Nachdem aufgrund von tarifbedingten Vorgaben eine verbindliche Basis für eine Urlaubsautomatik gegeben war, konnten darauf aufbauend auch die Rücklagen-Reports entwickelt werden, welche nicht nur für die Steuerberater von Belang sind, letztlich sind sie auch ein Frühwarnsystem wenn das SOLL über dem HABEN liegt.
Die besondere Infrastruktur in Rimini ist die Basis für eine wirkungsvolle Nachkalkulation, die letztlich eines der wichtigsten Controlling-Instrumente ist. Die Auswertungen können nach beliebigen Monatszeiträumen in bis zu sechs Ebenen erfolgen.
Die Jahreskostenübersicht ermittelt mit nahezu identischen Algorithmen wie in der Nachkalkulation die kumulierten Werte/Ergebnisse pro Monat in einem Raster von bis zu 13 Monaten.
So wie wir von EES uns auf das Thema Zeitarbeit konzentrieren, überlassen wir es anderen sich mit der Lohnabrechnung auseinander zu setzen. Für die Belieferung der Lohnprogramme mit Stammdaten und den Daten der Bruttolohnaddition sind entsprechende Schnittstellen vorhanden.
Daneben gibt es, aufgrund spezieller Kundenwünsche, eine große Anzahl von individuellen Sonderprogrammierungen die durch sogenannte “Option-Flags“ nur bei den Auftrag gebenden Kunden ausgeführt werden können.

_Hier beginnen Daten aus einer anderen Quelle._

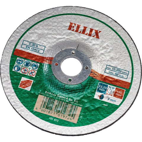 A ELLIX 150 mm átmérőjű gyémánt vágókorong közepes keménységű és kemény kő és építőanyag vágására alkalmas. 22,23 mm-es furatának köszönhetően sarokcsiszolóval használható. A vágókorong vastagsága 3 mm.
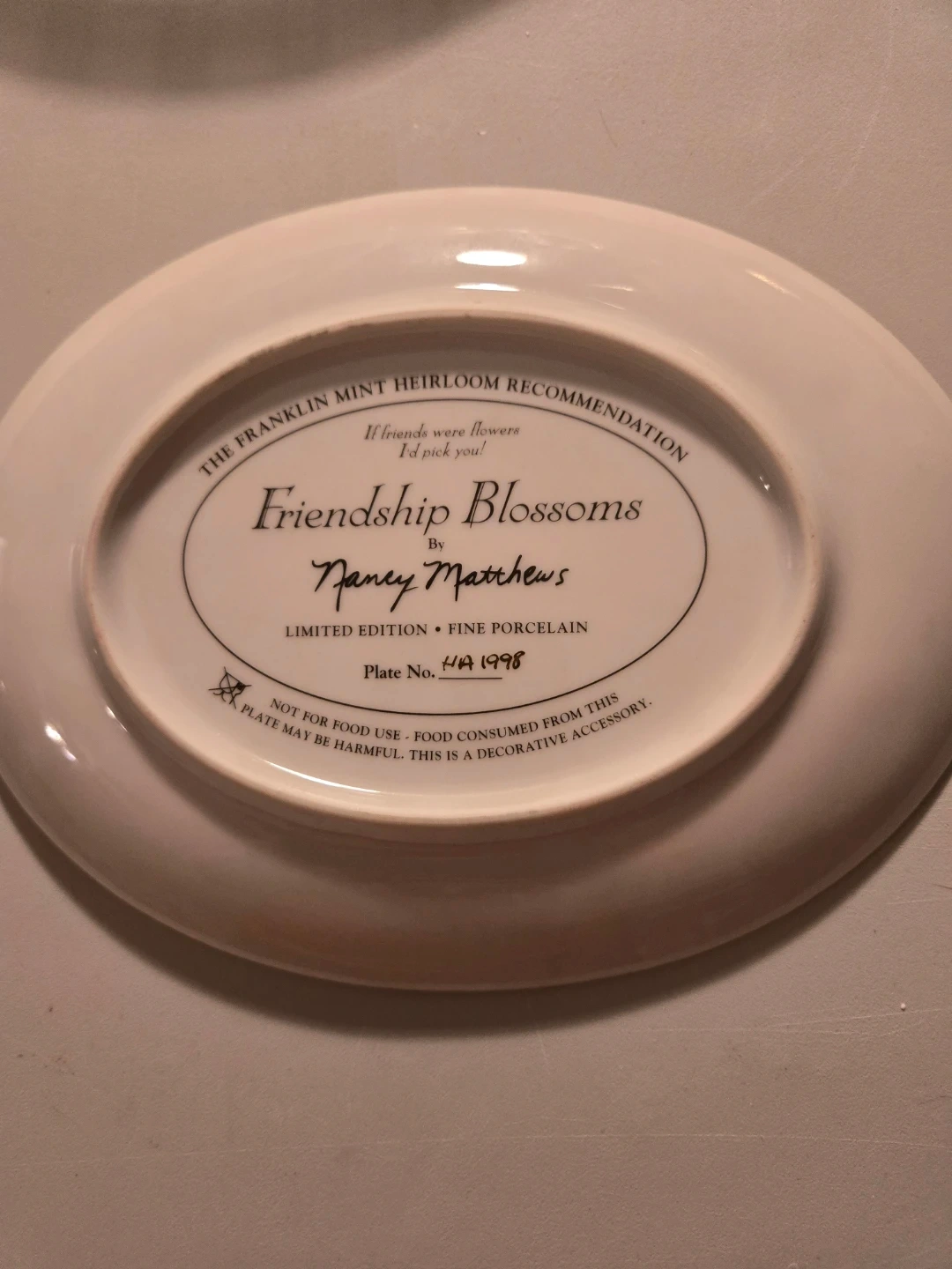 This is a limited edition fine porcelain plate from The Franklin Mint Heirloom Recommendation series, titled "Friendship Blossoms" by Nancy Matthews. The plate features an adorable image of kittens surrounded by flowers. Plate number is HA 1998. Please note that this is a decorative accessory and not for food use
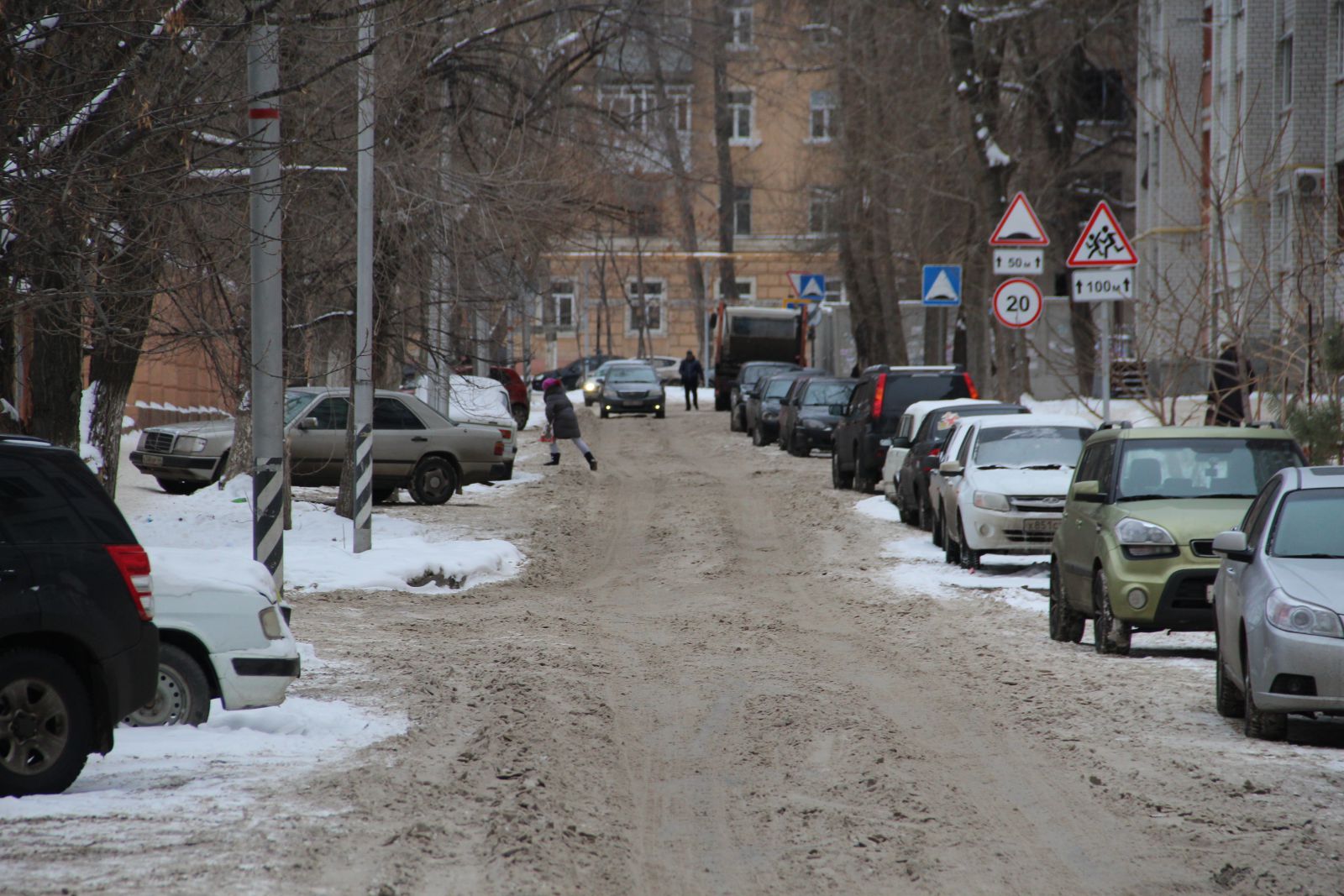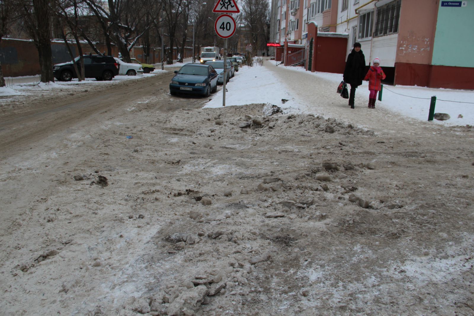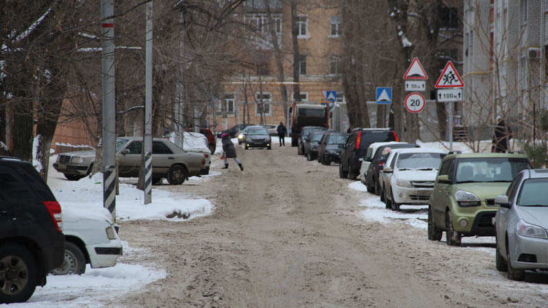 Так, на улице Осенней наледь устранять не спешат, но грейдером или похожей техникой сравняли наиболее выступающие надолбы. Дорога сузилась, как и переживала Ирина, до одного ряда. Но винить только дорожные службы в этом нельзя. Для расчистки всей проезжей части необходимо убрать множество припаркованных автомобилей местных жителей, которые полностью занимают одну полосу дороги.
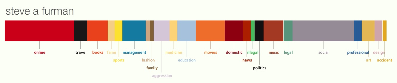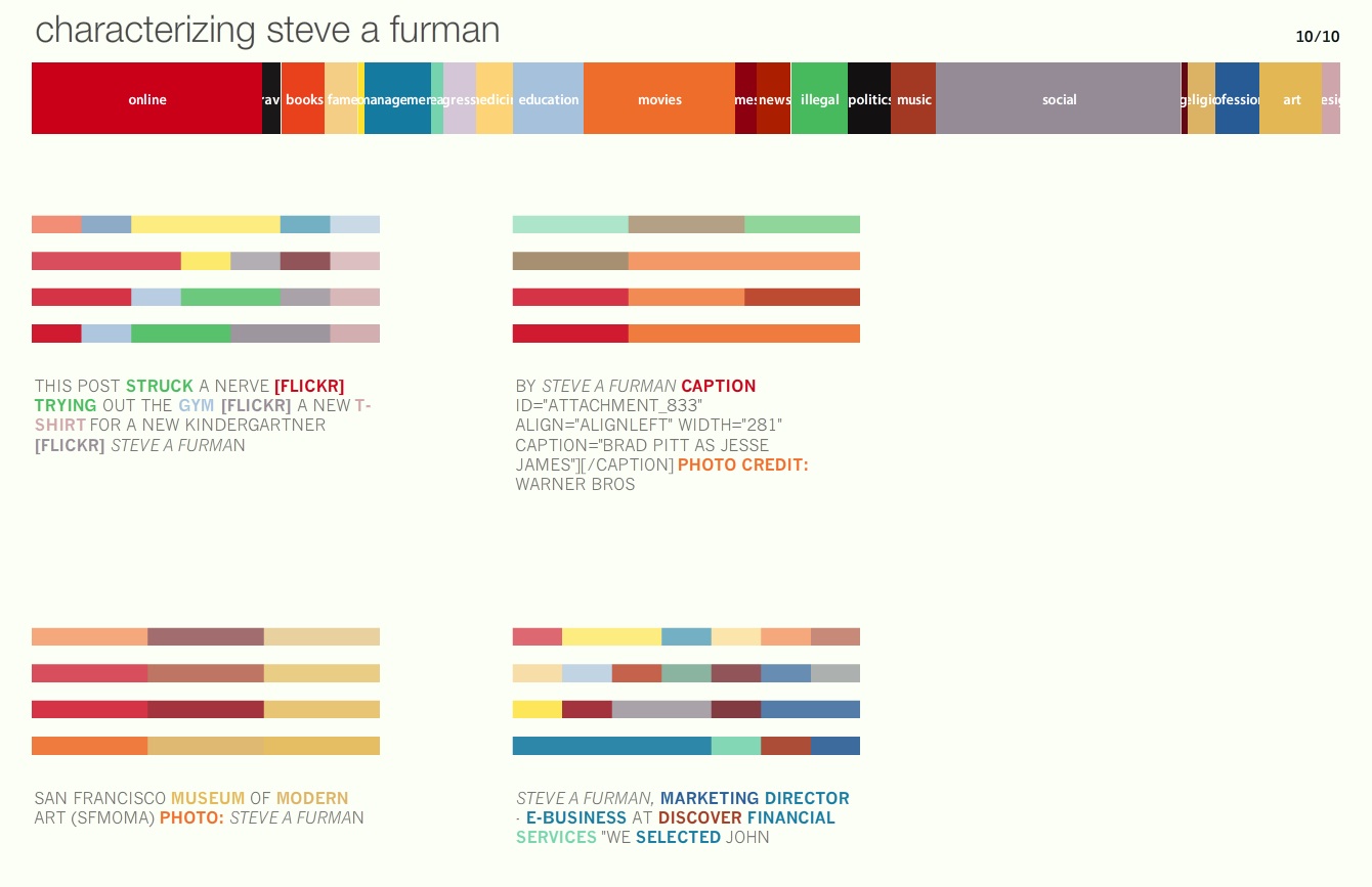 Of course anyone who visits the site will immediately put in their own name, quickly followed by others. Perhaps friends, co-workers, family, famous people. It’s fascinating experiment. After typing in my name and kicking off the system you get a building persona series of pages. This is mine about half way through.
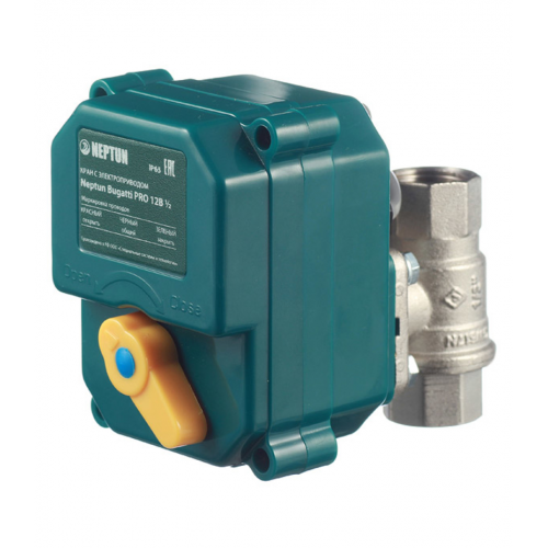 Кран шаровой с электроприводом латунный Neptun Bugatti Pro (NEPBugPro12-12) 1/2 ВР(г) х 1/2 ВР(г) мини прямой 12 В
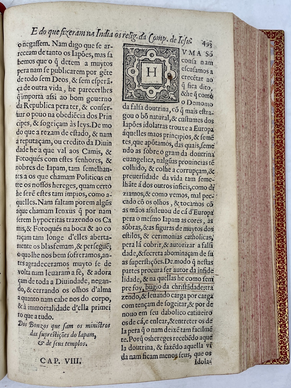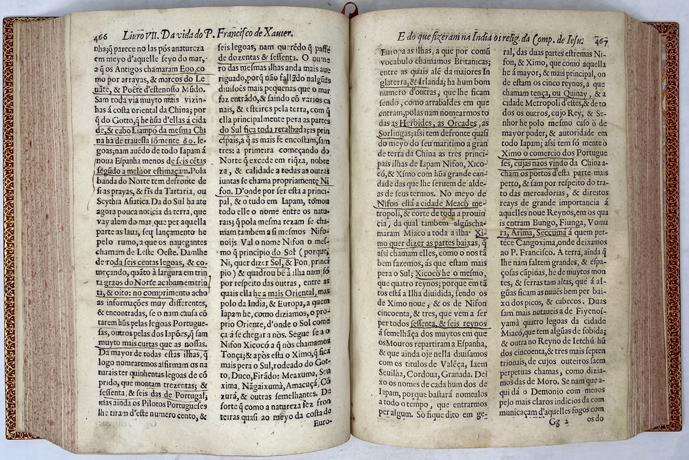 第7章の冒頭は、「多くの王国と島々からなる日本諸島について」(Do Sistio das Ilhas de Iapam, numero dos reynos, & calidades da terra)と題されていて、西洋における日本認識がいつから始まったのかや、その名称、位置、どのような島々で構成されているのかなどが解説されています。日本の名称については、マルコ・ポーロに由来する「ジパング(Zipangu)」に始り、「Nipongi」、「Iapam」、「Gipou」など、様々な名称があることが述べられ、ポルトガル人が漂着したことで本格的な交流が始まるまでの歴史が概観されています。多くの島々からなる日本列島は、主に大きな3つの島に集約されていて、首都である「京都(Meacò)」を擁し、「天下(tenca)」あるいは「機内(Quinay)」と呼ばれる地域を中心とする最も大きな島である「日本(Nifon、本州のこと)」、次いで「土佐(Tonça)」を中心とする「四国(Xicocó)」、そして「五島(Gotto)」、「平戸(Firãndo)」、「天草(Amacuçá))、「上津浦(Cózurá)」などの島々を含み、「豊後」(Bungo)、「日向(Fiunga)」、「大村(Vomura)」、「有馬(Arima)」、「薩摩(Saccumá, Cangoxima)」といった国々で構成されている「下(Ximo、九州のこと」によって、日本が構成されていると述べられています。こうした日本の地理についての詳細な情報は、ザビエル来日当時にはここまで明らかになっていなかったため、著者ルセナが読者のために独自に設けた記述と考えられます。
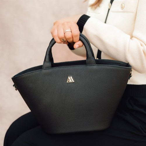 Panier en cuir nappa de haute qualité de couleur noir.
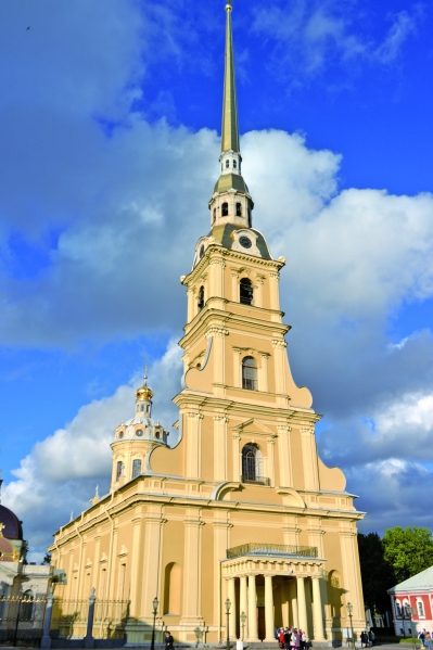 要塞內有一座圣彼得保羅大教堂。這是要塞中最著名也是最為耀眼的大教堂。建于1703年,原為木質建筑,1712年至1733年在原處改建為石頭教堂。大教堂的鐘樓高122米,金光閃閃的尖頂直聳云天,尖頂上是高達3.2米的天使塑像,天使塑像又是一個風向標。這個大教堂一直到20世紀中葉,都是圣彼得堡的最高建筑,是圣彼得堡古老的地標,也曾經是要塞的瞭望塔。現在,只有圣彼得堡的電視塔高度超過了教堂。在圣彼得堡的任何地方都能看到這個教堂的尖頂。大教堂于1919年關閉,1924年改為博物館。
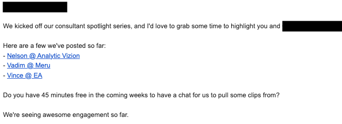 3. Be a human. Ask them they want to be spotlighted on an interview.
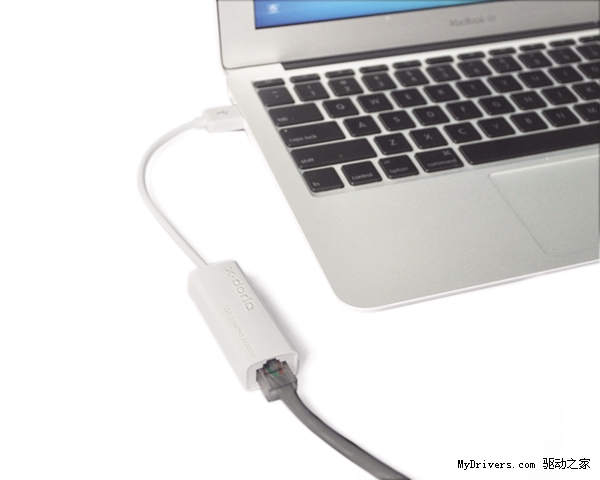只需通Macbook Air的USB接口,用X-doria苹果电脑USB以太网转接器转换成以太网口,可实现连接有线网络,解决无Wifi的尴尬。
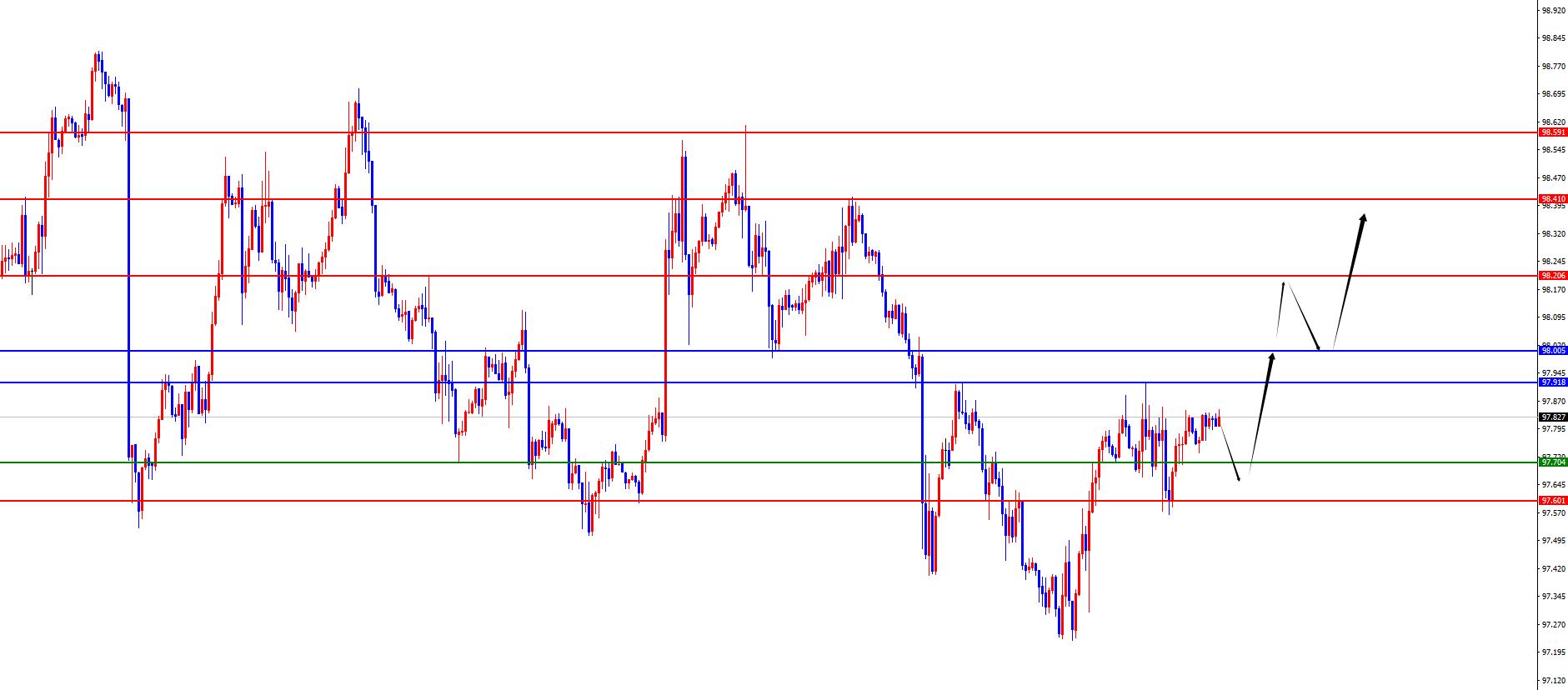 다중주기 분석에서 가격은 최근 주간 수준에서 위아래로 통합되었습니다. 현재 주간 저항은 97.90 지역에 있으며 가격은이 위치보다 짧습니다. 가격은이 후속 주간 마감 후이 위치를 초과 한 후에야만 진행됩니다. 일일 수준에서 시간이 지남에 따라 현재 일일 저항은 98 영역에 있습니다. 현재 가격이 매일 및 주간 공명 저항을 안정화시킬 수 있는지 여부에주의를 기울여야합니다. 4 시간의 관점에서, 어제, 예정대로 4 시간의 지원으로 되돌아 가면서 더욱 증가했습니다. 현재 가격은 여전히 4 시간의 지원보다 높습니다. 오늘날, 97.60-70 범위의 지원에 중점을두고 있으며, 위의 97.90-98 범위가 안정화되었습니다. 첫 시간에 단기 변동은 현재 변동성이 상승하고 있으므로 미래에 안정된 후에 가격이 상승하기 전에지지가 상승하기를 계속 기다리십시오.
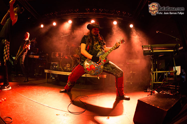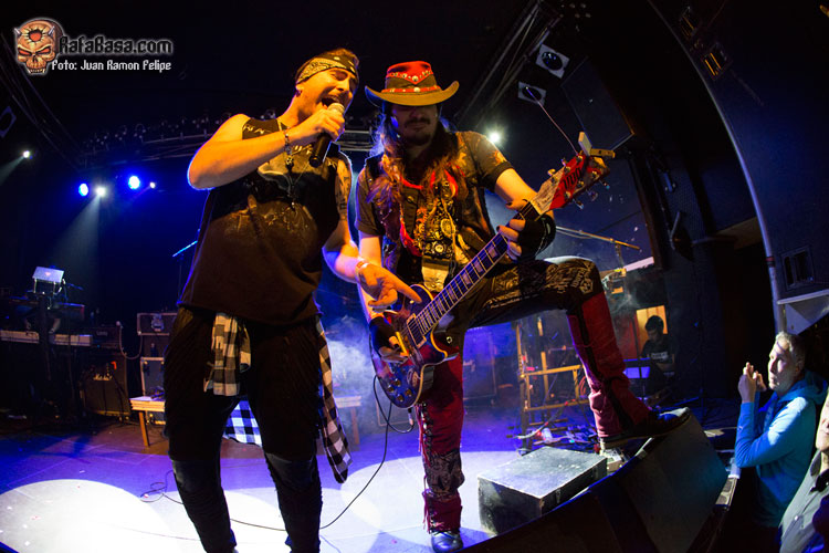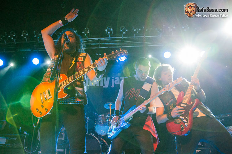 La banda además sabe derrochar carisma, capitaneados por Jorge Berceo, pero excelentemente apoyados en la base rítmica de Javi Herrero y Salva Hache, con un Victor De Andrés que aparte de su excéntrica imagen habitual impresiona como guitarrista. Pero ni mucho menos se le ve concentrado exclusivamente en su virtuosismo; el grupo toca para su público e interactúa con él de manera constante.

Wenn Rimini dann gestartet wird,
ergibt sich auch schon das erste Highlight; der tägliche Prüflauf! In ihm erfolgt pro Mitarbeiter die Angleichung an die Gegebenheiten der Tarifverträge; die jährliche Entgeltangleichung beim BZA-Vertrag, die stichtaggenaue Ermittlung der Urlaubsansprüche – auf zwei Kommastellen genau – sowie auch die Ermittlung der tariflich vorgegebenen Einsatzzulagen – IGZ und BZA – die letztlich von der Betriebszugehörigkeit und Einsatzdauer bei einem Kunden abhängig sind.
Anschließend kann sich ein jeweiliger Benutzer dann mit seinem Namen und seinem Passwort anmelden, wobei die Betonung auf seinem liegt und unverwechselbar sein sollte. Denn jedem Benutzer können, unter dem Hauptmenüpunkt Systemverwaltung und dem Untermenüpunkt Benutzer, individuelle Benutzungsrechte zugeteilt werden die nach der Anmeldung dazu führen, dass das Hauptmenü und die entsprechenden Untermenüpunkte nur an den Stellen zugänglich sind, die für den jeweiligen Benutzer eine Freigabe haben.